First, let’s verify the claim for /dev/random.

g = x^128 + x^104 + x^76 + x^51 + x^25 + x + b^(3)
totald1 = 0
for h,i in factor(g):
    totald1 += h.degree()
    print(i, h.degree())

print(totald1)
sage: load('/tmp/sage_shell_modewAkRz4/sage_shell_mode_temp.sage')
1 128
128

Next, for /dev/urandom.

gg = x^32 + x^26 + x^19 + x^14 + x^7 + x + b^3
totald2 = 0
for h,i in factor(gg):
    totald2 += h.degree()
    print(i, h.degree())

print(totald2)
sage: load('/tmp/sage_shell_modewAkRz4/sage_shell_mode_temp.sage')
1 32
32

This proves that the newer parameters are more secure than the previous ones. This does not prove that the roots are primitive. The order might still be a divisor of \( 2^{128}-1 \) and \( 2^{32}-1 \) though.

Conclusion

In this article, I did a brief study of Linux PRNG and presented internals of the generator. There are a few papers on the topic although the number of users is enormous. I wish there are more studies on the subject.

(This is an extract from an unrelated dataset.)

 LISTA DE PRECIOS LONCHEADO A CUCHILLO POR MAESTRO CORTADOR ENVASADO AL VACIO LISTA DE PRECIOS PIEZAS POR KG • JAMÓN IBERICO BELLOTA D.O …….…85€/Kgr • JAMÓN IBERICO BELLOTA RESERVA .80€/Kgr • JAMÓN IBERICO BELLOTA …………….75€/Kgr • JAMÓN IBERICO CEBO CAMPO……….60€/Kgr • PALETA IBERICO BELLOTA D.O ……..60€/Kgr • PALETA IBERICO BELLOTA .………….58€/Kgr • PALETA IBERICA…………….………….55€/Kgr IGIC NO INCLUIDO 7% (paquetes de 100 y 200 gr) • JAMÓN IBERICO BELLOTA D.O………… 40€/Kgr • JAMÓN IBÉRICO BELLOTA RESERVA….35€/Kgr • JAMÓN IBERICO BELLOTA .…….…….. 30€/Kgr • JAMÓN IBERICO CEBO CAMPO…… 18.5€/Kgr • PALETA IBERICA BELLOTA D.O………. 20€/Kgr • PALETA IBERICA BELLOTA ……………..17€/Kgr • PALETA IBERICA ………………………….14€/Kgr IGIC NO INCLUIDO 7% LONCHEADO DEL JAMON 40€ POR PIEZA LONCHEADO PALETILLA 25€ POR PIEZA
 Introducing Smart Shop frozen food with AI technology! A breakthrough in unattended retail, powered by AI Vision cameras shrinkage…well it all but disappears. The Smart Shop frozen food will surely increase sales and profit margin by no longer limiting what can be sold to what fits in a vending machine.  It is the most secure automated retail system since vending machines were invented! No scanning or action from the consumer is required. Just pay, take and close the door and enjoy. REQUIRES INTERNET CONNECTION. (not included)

I did not cover the security of the generator and topics like forward and backward security. An interested reader might find them in LRSV12.

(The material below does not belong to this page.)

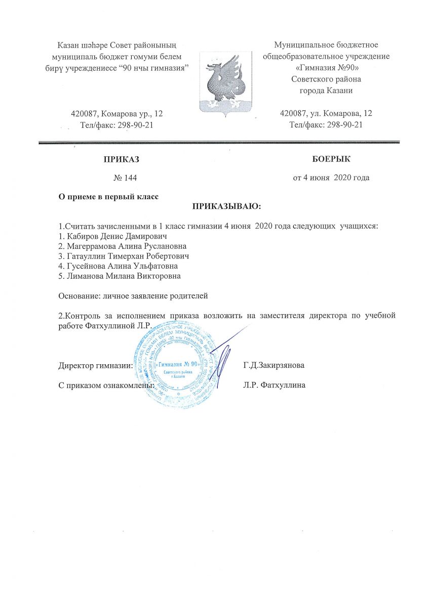 Приказ МБОУ "Гимназия №90" №144 от 04 июня 2020 года "О приеме в первый класс"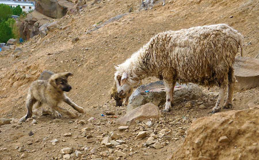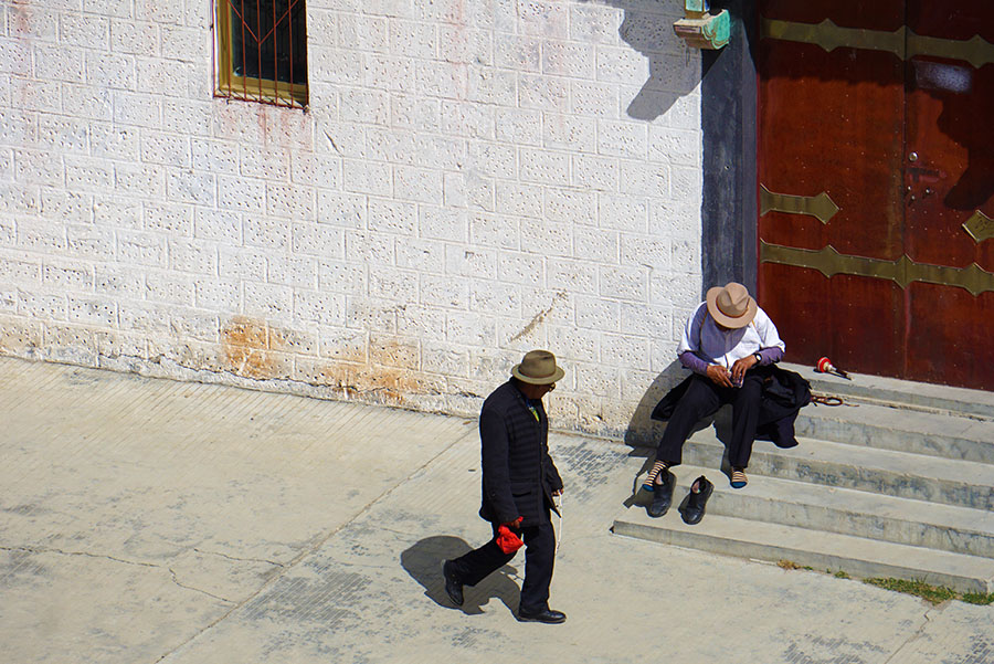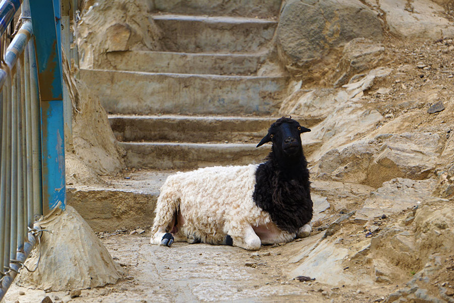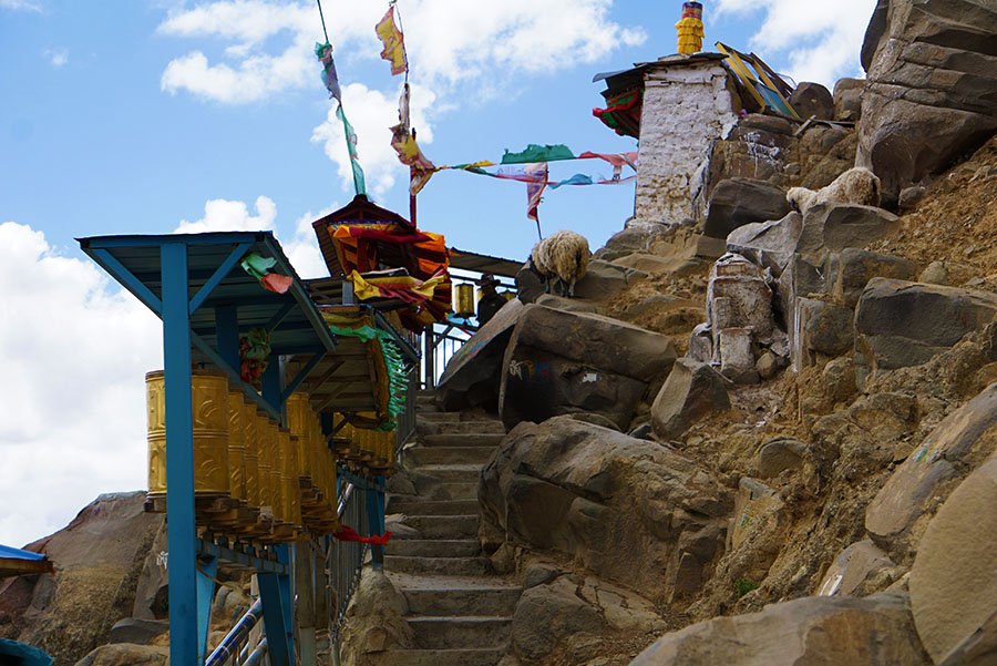 老人们见到我多微微一笑。有些年轻人在转经路上拾着垃圾。经幡,经筒,玛尼石……还有就是狗和羊,很多。有的羊全身披挂,安静而慈祥地望着人们对它叩拜。路上的羊很礼貌,知道给人让路。那些睡觉的狗则不管这些,四脚八叉躺在路上,人的脚有时需要插到它的缝隙间过去,它们则连眼皮都不眨一下。一个藏族妇女正在喂一条狗,她冲我笑:‘这是一条瞎狗啊,不喂,会饿死的。”一个盲人坐山脚一棵树下弹唱,这就是有名的西藏弹唱,把我吸引,我坐在他的旁边,闭上眼,静静地感受这天地间似乎从远古来的奇妙声音。

The mystery on CRC32 still stands. Here is a summary for later reference:

sage: a.minpoly()
x^32 + x^26 + x^23 + x^22 + x^16 + x^12 + x^11 + x^10 + x^8 + x^7 + x^5 + x^4 + x^2 + x + 1
sage: b.minpoly()
x^32 + x^31 + x^30 + x^28 + x^27 + x^25 + x^24 + x^22 + x^21 + x^20 + x^16 + x^10 + x^9 + x^6 + 1
sage: (b^3).minpoly()
x^32 + x^28 + x^25 + x^23 + x^22 + x^21 + x^20 + x^18 + x^17 + x^16 + x^13 + x^11 + x^10 + x^4 + x^3 + x^2 + 1

During the time the PRNG was developed, I believe the common machine word-size was 32bits and 64bit processors were emerging. As of 2022, I think it is fair to extend the base field of the PRNG to 64bits and possibly pick newer connection polynomials.

If you like to reproduce the results, here is a link for the Sage material.

Hope you enjoyed. Until next time!